Nessa conjuntura, ao longo do soneto é possível observar imagens da


natureza, já que pelo título já é possível deduzir que o poeta irá descrever um dia de
verão. Além disso, também conta com o uso da linguagem figurada, uma vez que o
poema inteiro é uma metáfora em que o poeta compara a beleza do verão com a
beleza da pessoa amada. Dessa forma, verifica-se a ideia da natureza idílica,
grande e esmagadora, o que favorece o engrandecimento e exaltação do outro em
virtude de tal comparação, demonstrando que o amor do eu lírico se eleva a beleza
da natureza.

Sob esse viés, o primeiro quarteto explicita que a amabilidade e consistência


do amado excedem a do mundo natural, sendo esse mais lindo que um dia de
verão, já que o tempo é fugaz e está sempre mudando tal estação. Outrossim,
apesar de ser uma estação muito adorada em diversas culturas, o verão possui suas
desvantagens, haja vista que, como mencionado no poema, os ventos podem ser
muito fortes. Assim, entende-se que o amado, diferentemente de um dia de verão, é
constante e equilibrado.

Nesse âmbito, no segundo quarteto, o autor segue enumerando motivos que


confirmem que o verão não pode se comparar com a pessoa amada, tendo em vista
que ele pode ser muito quente, as nuvens podem bloqueá-lo, e é muito curto.
Portanto, igualar o amado a um dia de verão não é algo cabível, pois o verão tem
suas desvantagens, além de que no curso natural das coisas, a beleza acaba se
afastando das pessoas e o tempo tira delas, sua juventude.

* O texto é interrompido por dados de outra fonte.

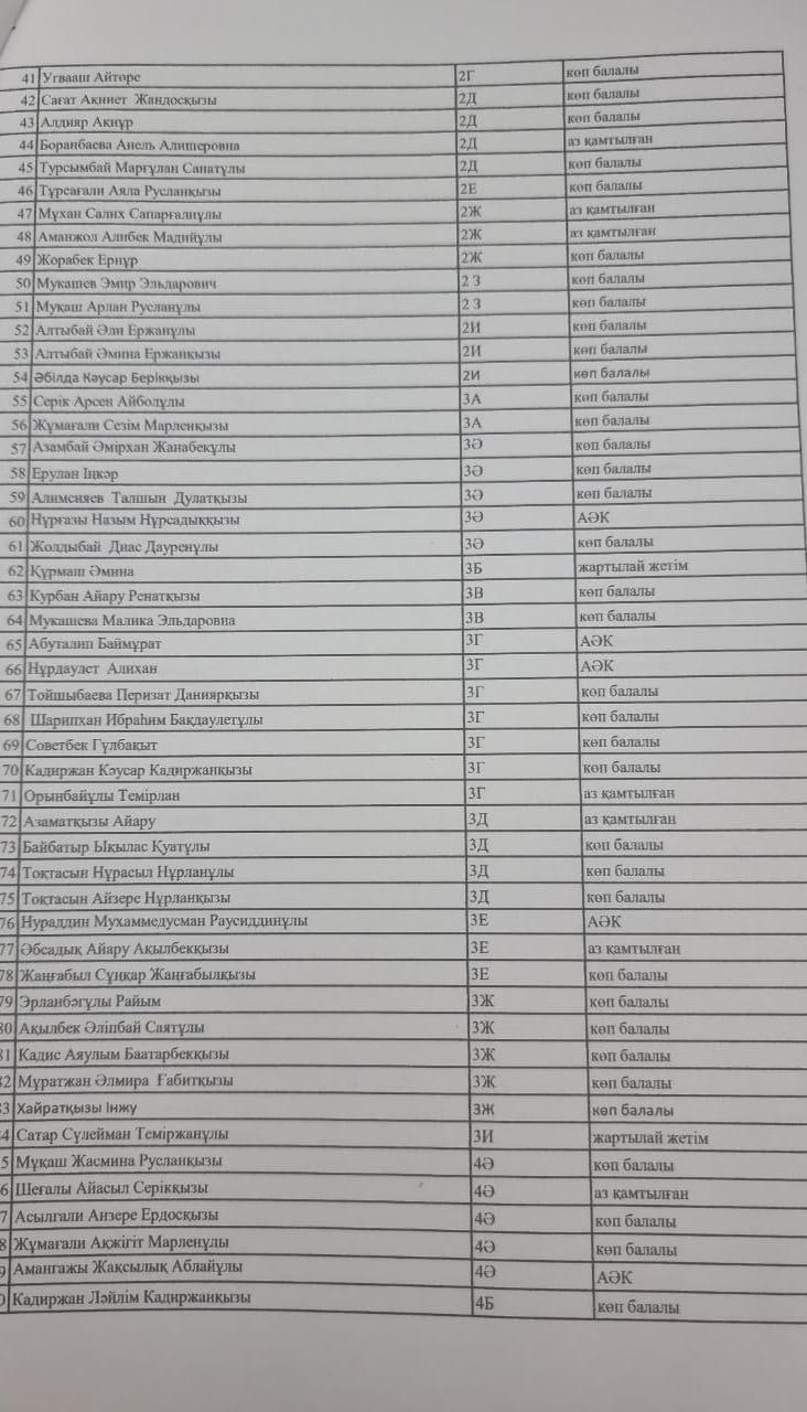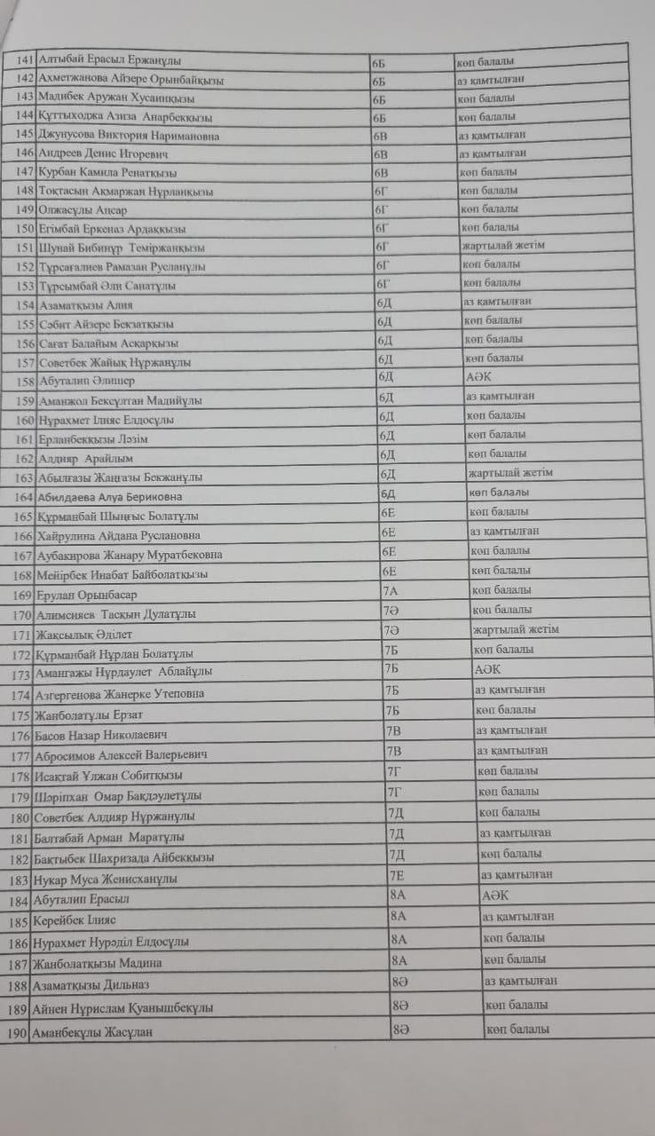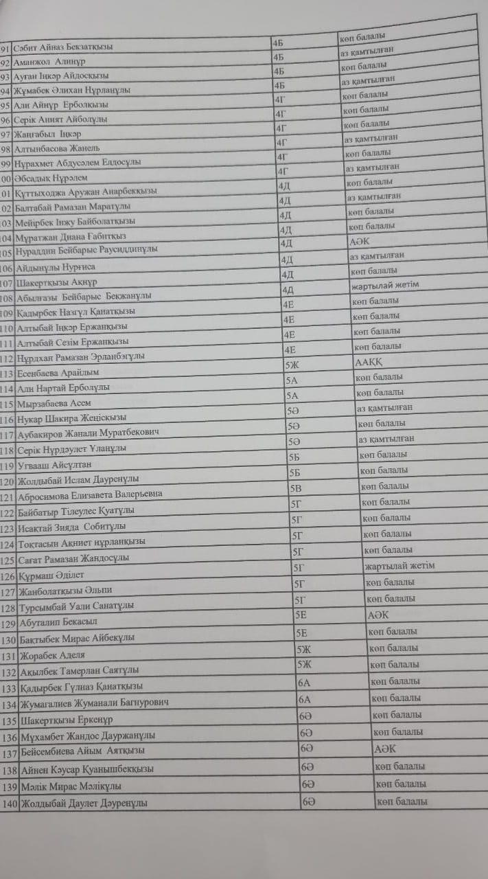 » » Тамақтанатын оқушылар тізімі

Nesse sentido, no terceiro quarteto o eu lírico declara, no entanto, que o


amado será isento dessas mudanças, e que sua beleza não desaparecerá, mas que,
na verdade se transformará em um verão eterno. E isso ocorrerá porque essa
beleza se encontra capturada em suas palavras, neste poema, fazendo com que as
pessoas que o lerem, sejam constantemente lembradas de como o amante de
Shakespeare é belo. Assim, a beleza do amado será imortal e não irá declinar, mas
sim crescer, uma vez guardada neste poema.

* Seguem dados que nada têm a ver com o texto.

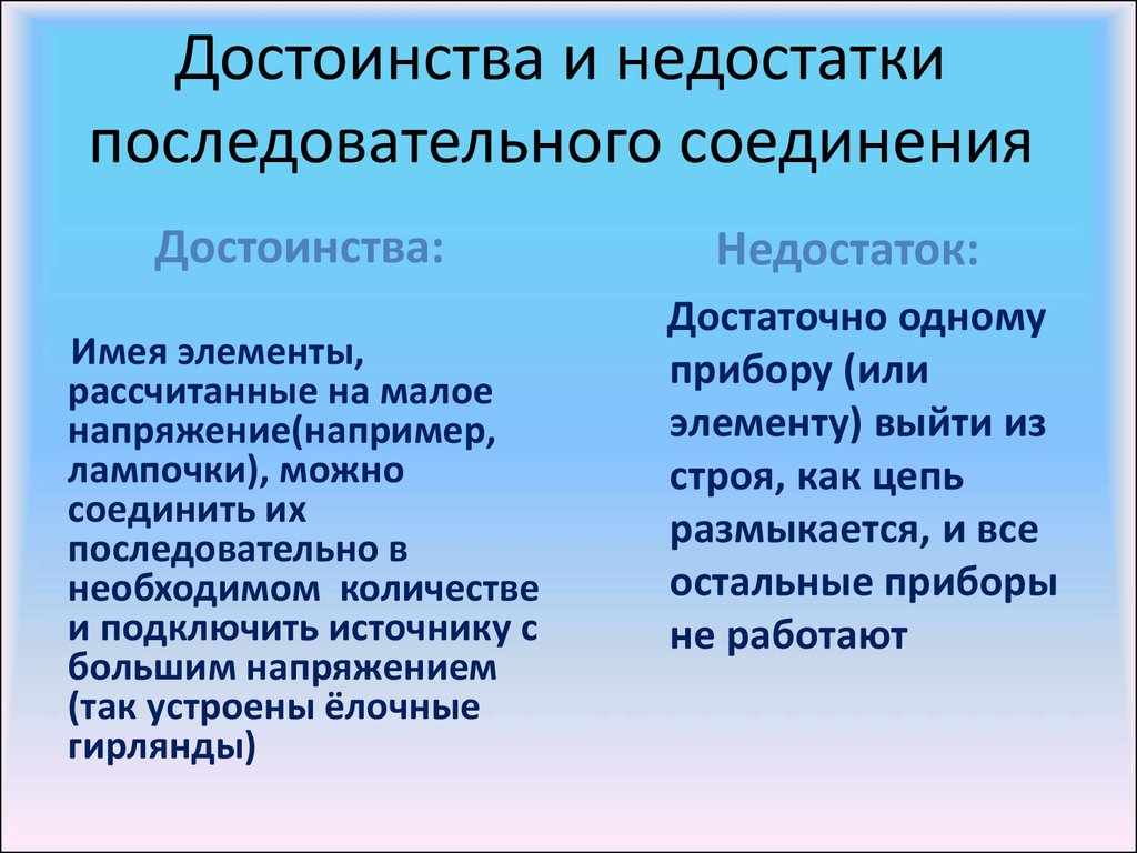 - si une lampe tombe en panne, tout le circuit est mis hors tension, de sorte que la ligne d'éclairage cesse complètement de fonctionner ;

Por sua vez, no dístico final, o poeta garante que por meio “das linhas
eternas” enquanto as pessoas viverem seu poema também viverá o que garantirá a
imortalidade do seu amante. Por esse prisma, as linhas eternas são o próprio soneto
que fará com que a pessoa amada viva em perfeita juventude e beleza para sempre
dentro dessa obra. Ademais, ainda que a beleza física tenha passado e o corpo
envelhecido, o eu lírico ressalta que na poesia a beleza e o encanto podem
aumentar, apesar da pressa do tempo. Assim, a beleza do amado é capturada
dentro do soneto, por isso, sempre que lido, imaginaremos a beleza de seu amado,
que renasce a cada leitura, sendo desta forma, a arte capaz de derrotar a morte.

Ao final, a proposta do autor de comparar a pessoa amada a um dia de verão


ganha um novo significado, de que a beleza do amado é imutável, mas de uma
maneira diferente. Em face disso, dentro das linhas eternas da própria poesia e
enquanto os homens puderem ver e ler, o amado viverá e assim, o ciclo da vida
seguirá se renovando. Logo, convém destacar a importância da arte nesse
processo, e o enfoque que ela tem dentro desse soneto, onde é possível constatar
seu papel, uma vez que é a coisa mais próxima da eternidade no mundo humano,
conseguindo preservar a vida.

Referências

BURGESS, Anthony. A versificação inglesa. In: Idem. A Literatura Inglesa. Trad.


DudaMachado. São Paulo: Ática, 1996, p. 275-87.

FRYE, Northrop. Um par verdadeiro. In: Fábulas de identidade. Sandra


Vasconcelos (trad.). São Paulo: Nova Alexandria, 1999.